Guitarist Brian May (Gwilym Lee) and drummer Roger Taylor (Ben Hardy) welcome Freddie Mercury (Rami Malek) as lead singer of their band Smile. Bassist John Deacon (Joseph Mazzello) enriches the group’s sound as they take on the Queen mantle, supported by a volatile inner circle. Away from the recording studio, Freddie locks horns with his father and wrestles with his sexuality while married to lifelong companion Mary Austin.

Bohemian Rhapsody is a crowd-pleasing musical biopic, which covers the 15 years between the formation of the group and Queen’s triumphant 20-minute set at Live Aid in 1985. It’s a thunderbol­ts and lightning moment, electrifie­d by slick digital effects and Malek’s gesture-perfect showboatin­g.

The script takes a few historical liberties. Mercury was reportedly diagnosed with HIV/ Aids in 1987 but in the film he confides the illness to bandmates two years earlier. So there is added poignancy at Wembley Stadium when Malek fixes the camera with a mournful gaze and belts out the title song’s lyrics: “Too late, my time has come” and “I don’t want to die”.

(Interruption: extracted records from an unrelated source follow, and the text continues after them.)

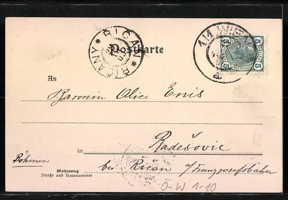 alte Ansichtskarte, gelaufen 1900, Stempelspur, guter Zustand
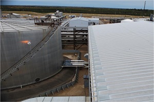 The storage tanks are located inside a dyked tank farm. Liners are installed underground and around dyke walls for the secondary containment requirements. The tank settle ment may break the liner. Moreover, the corrugated steel panels may cut through the liners.
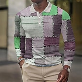 Men's Waffle Polo Shirts Golf Shirt Long Sleeve Polo Shirts Collared Shirts Vintage Casual Vacation Wear Formal Wear Festival Wear Buttons 3D Print Fall & Winter Blue Purple Green 3
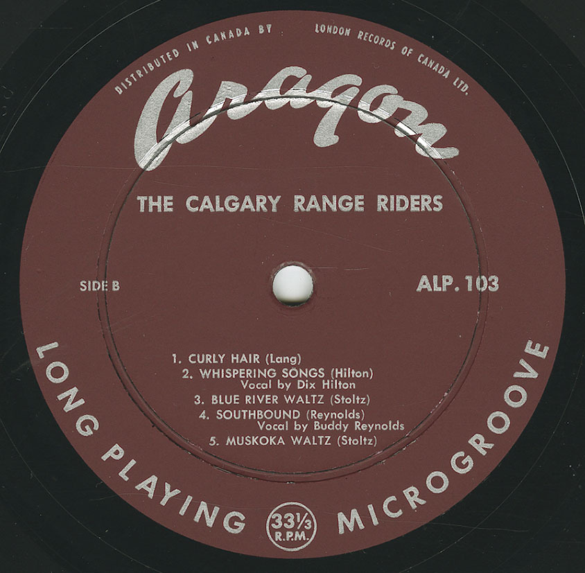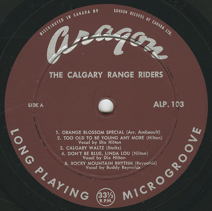 The Range Riders recorded for both Aragon Records in Vancouver and Apex Records in Toronto. Their Aragon debut (catalog 201) paired “Don’t Be Blue, Linda Lou” with “Calgary Waltz,” followed by “Orange Blossom Special” / “Too Old to Be Young Anymore.” On Apex, they issued “Thousand Miles at Sea” / “Careless Ways” and “Reward” / “Midnight Waltz.” Hilton wrote most of the group’s material and claimed to have composed over two hundred songs, many inspired by prairie life and maritime imagery from his years stationed on Canada’s coasts.
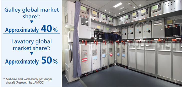 The aircraft galleys and lavatories that we manufacture are installed in many mid-body and wide-body assenger aircraft operated by airlines the world over. Our own surveys show that we have approximately 40% global market share in galleys and 50% in lavatories.
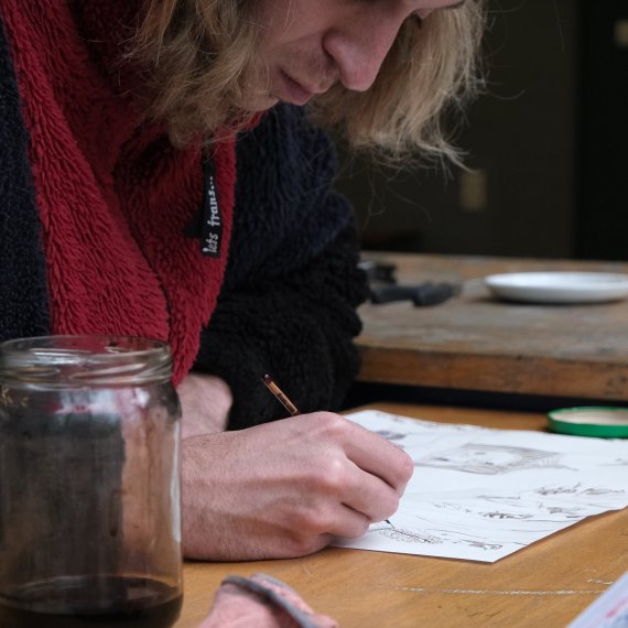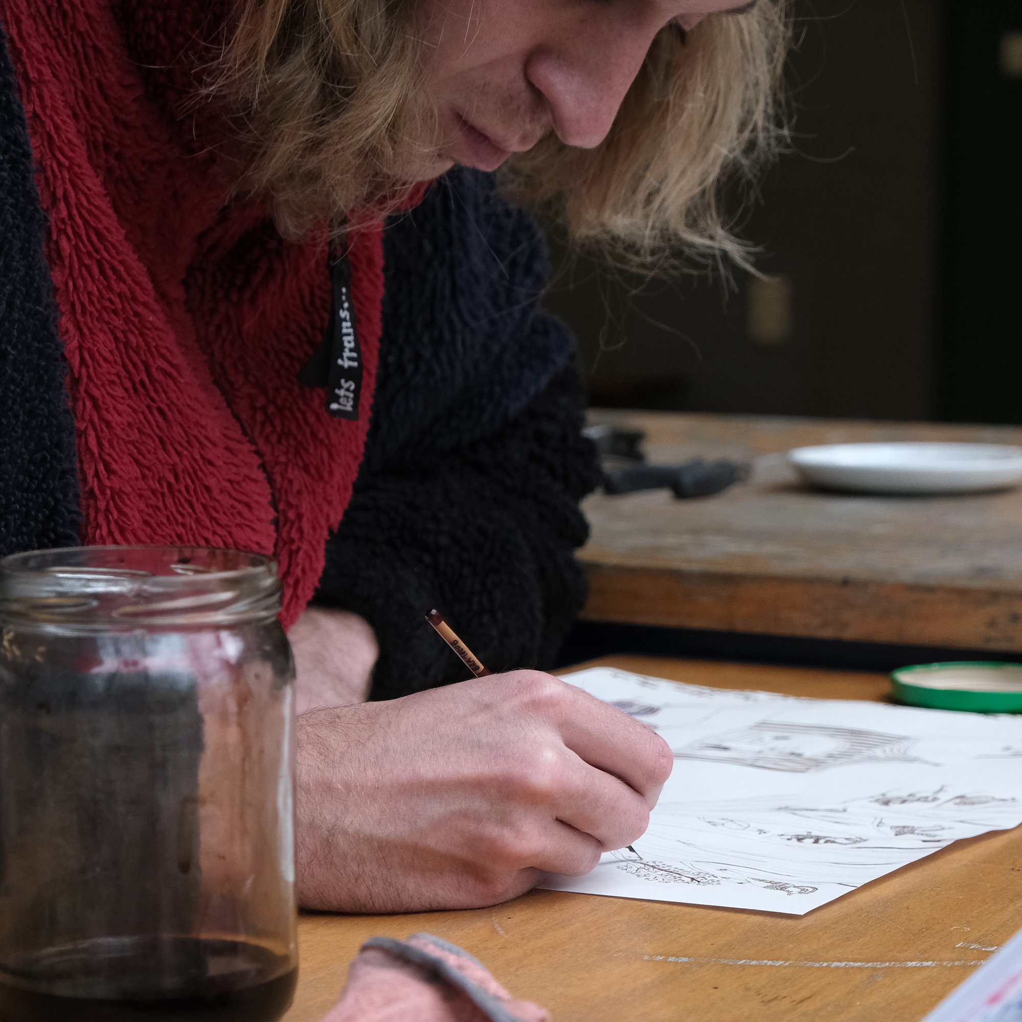 Arthur Devisscher studeerde illustratie aan LUCA School of Arts, Campus Sint-Lucas Gent. Tijdens het werken ontplooien zijn verhalen zich in beelden die een ode brengen aan de natuur en het dierenrijk. Tijdens de kunstenaarsresidentie in Destelheide wil deze tekenaar verder onderzoeken hoe tekst in zijn beelden verwerkt kan worden. Hij zal hierbij verdwijnen in zijn werk, ronddwalen, en hopelijk weer verschijnen.
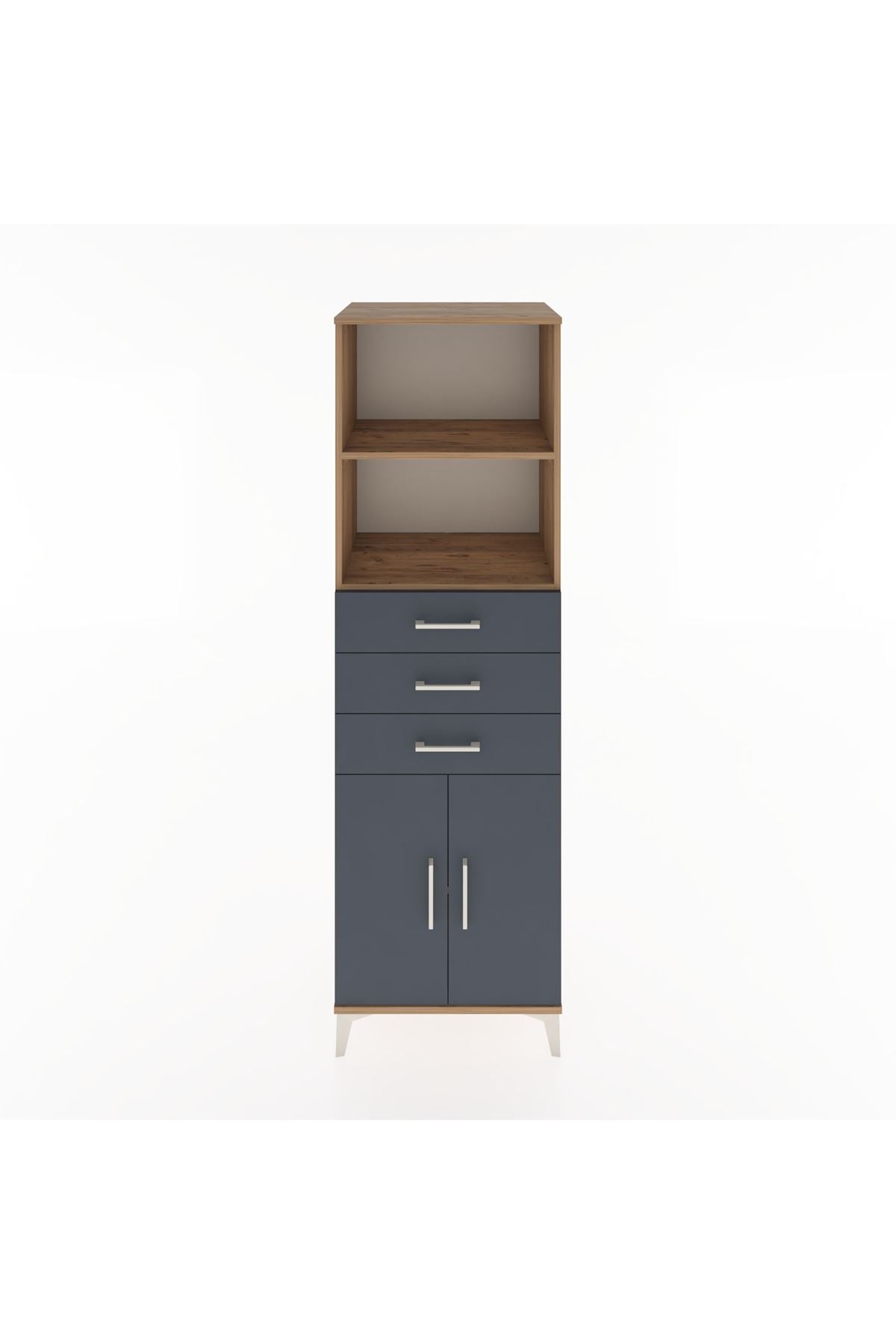 Hyperion Dolap 3 Raflı 3 Çekmeceli 2 Kapaklı 60x44x195 Çam-Antrasit
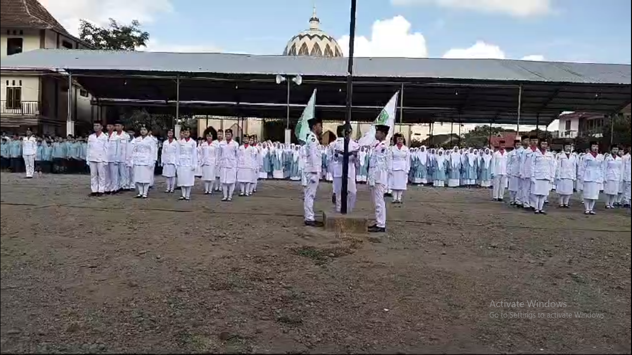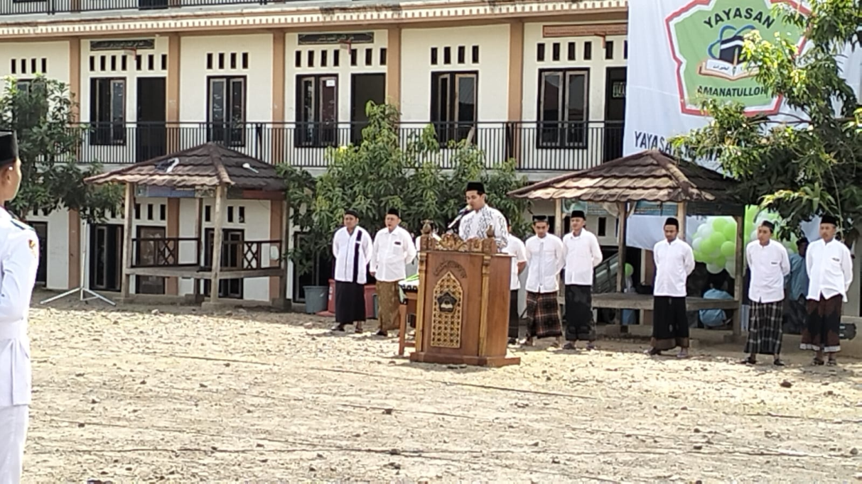 Meskipun cuaca terik menyelimuti lapangan, semangat para santri tidak surut. Mereka mengikuti setiap prosesi dengan penuh disiplin dan perhatian. Kegiatan ini juga dihadiri oleh Kabid Dikjar SMP dan MA Amanatulloh, Bapak H. Amir Mahmud, S.Ag., SP, yang ikut memantau jalannya upacara.
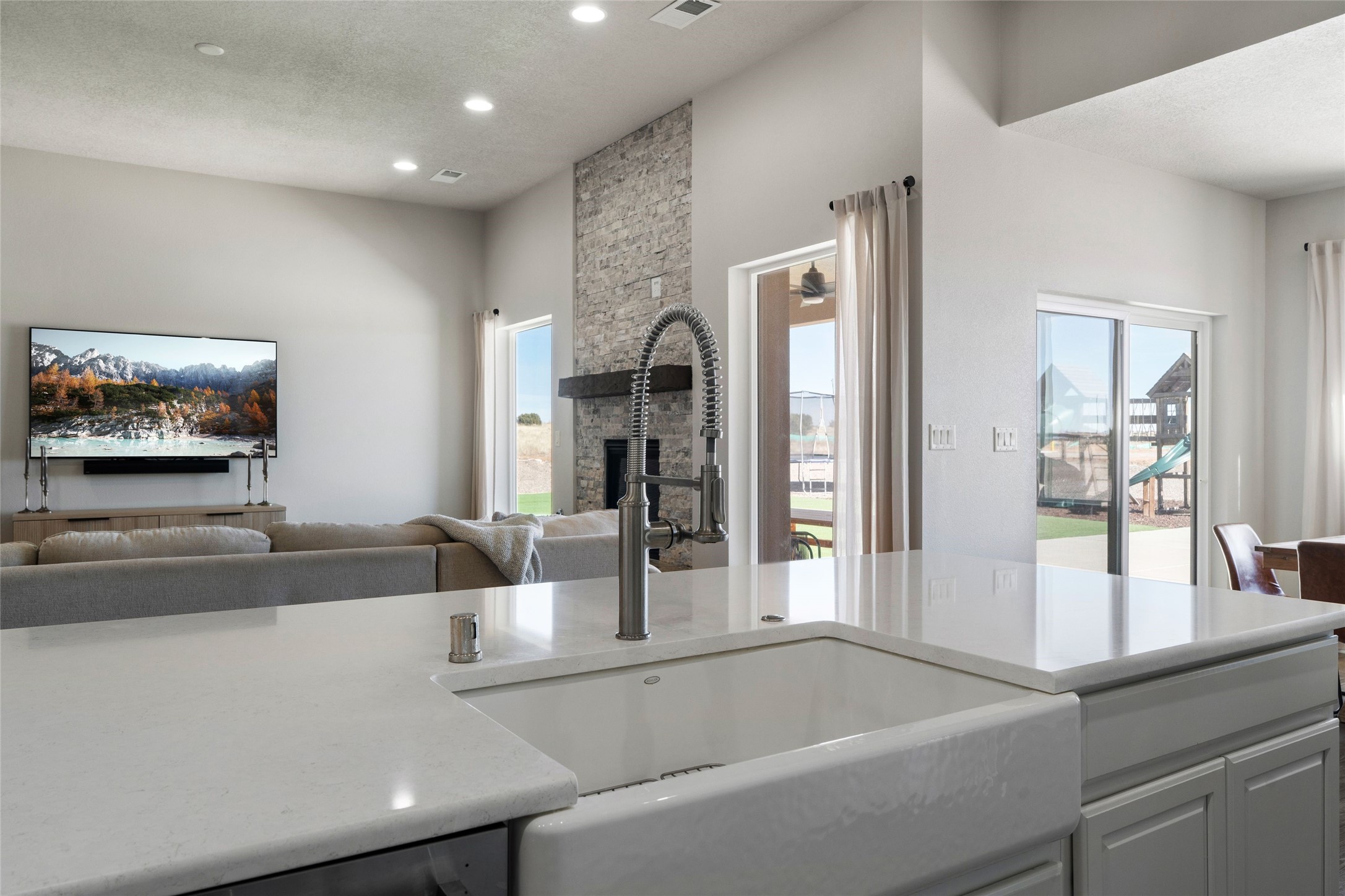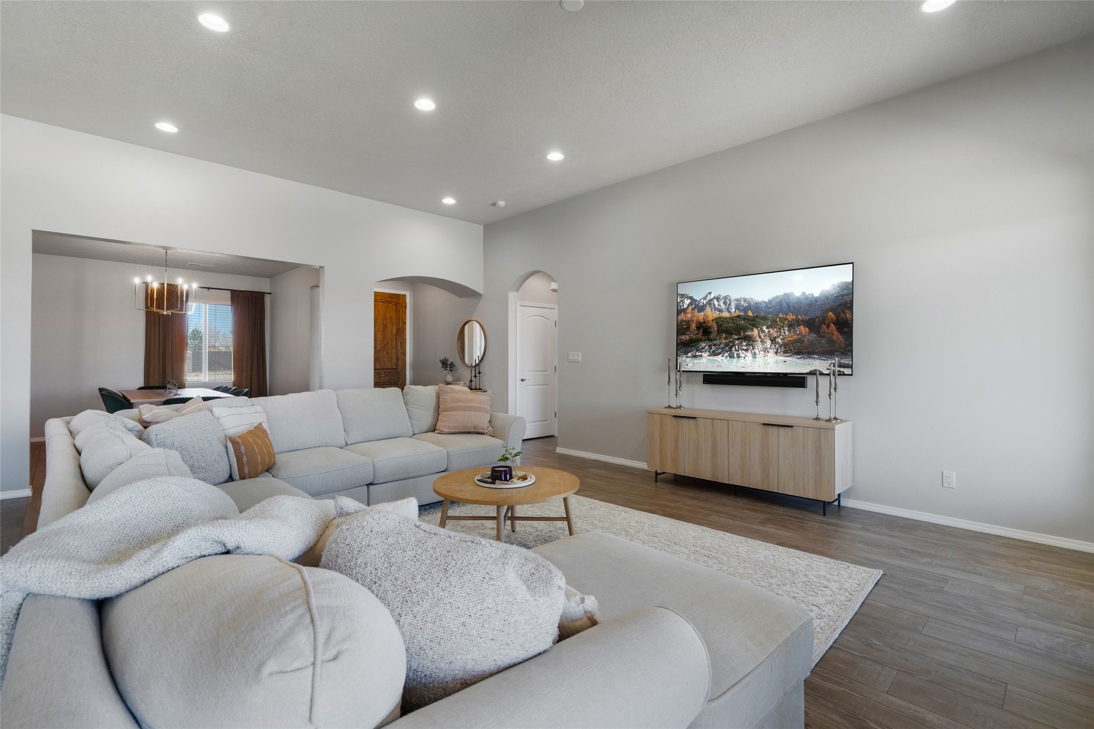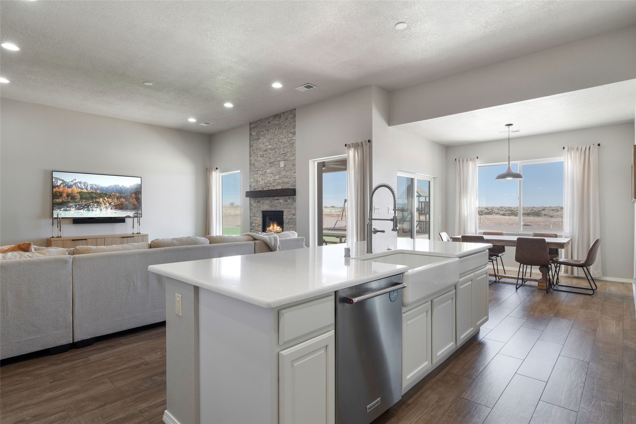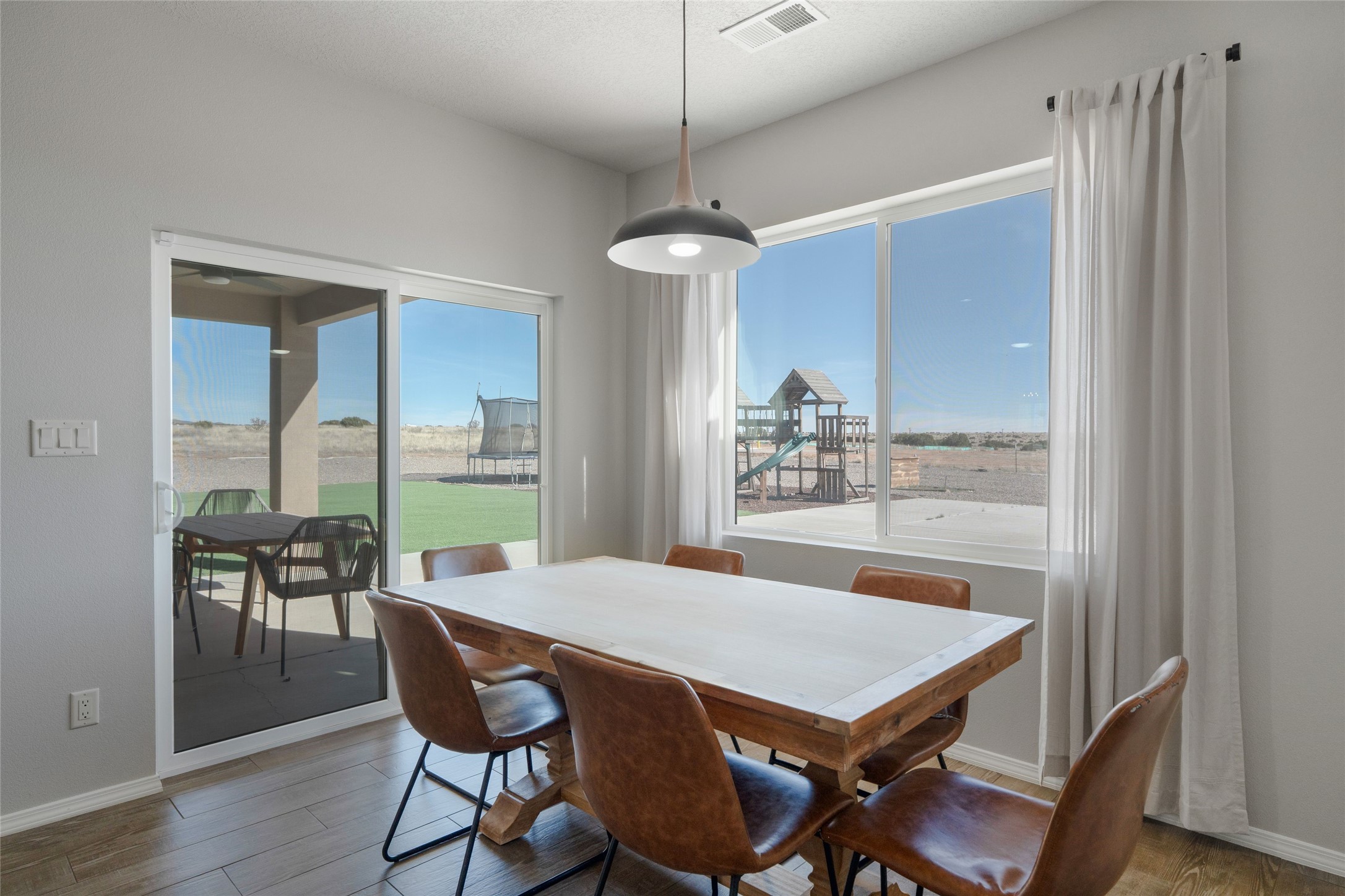 A true entertainer's delight, aesthetically stunning, in a gated community, Valle Serena, built in 2017. This single level home with a pro-panel roof has it all....VIEWS, 1.3 acre lot to spread out, light and bright with high ceilings, 3 bedrooms, including a spacious primary suite with an additional oversized entertaining/studio/ office space (multi purpose room), 3 baths, 3 designated eating areas: Separate Dining Room, Breakfast Nook and Kitchen Island. The meticulously designed home offers the perfect balance of comfort, luxury & livability. CHEF'S KITCHEN is a culinary haven outfitted with premier appliances, custom cabinetry, large island with seating and a generous walk in pantry. The entertainment room has a service bar and is wired for a projection screen. This open concept home shows pride of ownership and has been very well maintained. The attached finished 3 car garage offers 2 oversized spaces as well as additional storage/work space. This home is great for Los Alamos commuters, it's minutes from Hwy 599. There are several Los Alamos commuters in the subdivision! The road to the subdivision, Avenida Del Sur is scheduled to be paved. Quiet and private setting. Move-in ready and waiting for you and your family.

The Bafta-winning actor vanishes into the role. It’s a virtuoso turn from Malek that paints the flamboyant lead singer as a beautiful, flawed creature.

HUNTER KILLER (CERT 15), LIONSGATE HOME ENTERTAINM­ENT, £14.99

A shootout beneath the ice of the Barents Sea close to Russia immobilise­s the USS Tampa Bay. Admiral Charles Donnegan (Gary Oldman), chairman of the Joint Chiefs of Staff, sanctions a mission to discover the fate of the missing submarine. With guidance from Rear Admiral John Fisk, Donnegan appoints Commander Joe Glass (Gerard Butler) as captain of the USS Arkansas, which is docked at Faslane.

The crew, including jittery Execution Officer Brian Edwards, prepares to sail into hostile waters patrolled by Russian warships.

As the Arkansas reaches the last known location of the missing submarine, covert surveillan­ce reveals the Russian minister of defence, Dmitri Durov, has staged a coup and is holding President Zakarin hostage.

In response, Glass and his crew prepare to rescue the Russian president with the help of Navy Seals on the ground led by Bill Beaman.

Based on the novel Firing Point by Don Keith and George Wallace, Hunter Killer is entertaini­ng hogwash. Arne Schmidt and Jamie Moss’ script torpedoes subtlety and springs a few plot holes but largely keeps its head above water for two undemandin­g hours. Director Donovan Marsh generates tension from the claustroph­obic confines of a heavily armed submarine and sporadical­ly unleashes hell in propulsive action sequences.